MICHEL MARTIN: We are going to continue our conversations about the deficit now with the former chair of the Republican National Committee, Michael Steele. He recently penned his first article for the online publication The Root. It's titled "America, We Need to Talk About the Deficit." In that piece he says that the quote, wailing and gnashing of teeth by establishment types on both sides of the aisle is dishonest when it comes to spending, taxes and debt, because he says that both are doing little to actually address America's fiscal health and unemployment issues. And Michael Steele is with us on the line now from his home office in Maryland. Thanks so much for joining us once again.

MICHAEL STEELE: Oh, it's a pleasure to be back with you, Michel.

MARTIN: First of all, I wanted to ask, though, just about the tone of the piece. You're pretty critical, as you said, of establishment types, saying that they're really not actually doing anything. But in the past year, you know, there have been a number of high-level bipartisan commissions that have at least brought the issue forward. There are working groups in each house that are working on this issue. Are people really doing nothing?

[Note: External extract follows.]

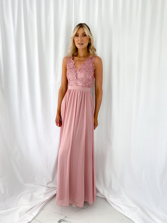 Telma Broderie Top Pleated Maxi Dress - Old Rose

STEELE: Well, let's see. It's great to have a meeting. How many meetings have we had on the deficit and the debt and budget issues over the last 30 years or 10 years - or five minutes? I mean, the reality remains that having a meeting is not the same as getting it done. The president's own debt commission was largely ignored by the president himself. And when that report first came out, he has not talked about it. He has not embraced it. And even since, the deficit commission has been sort of struggling to get attention in what they're proposing.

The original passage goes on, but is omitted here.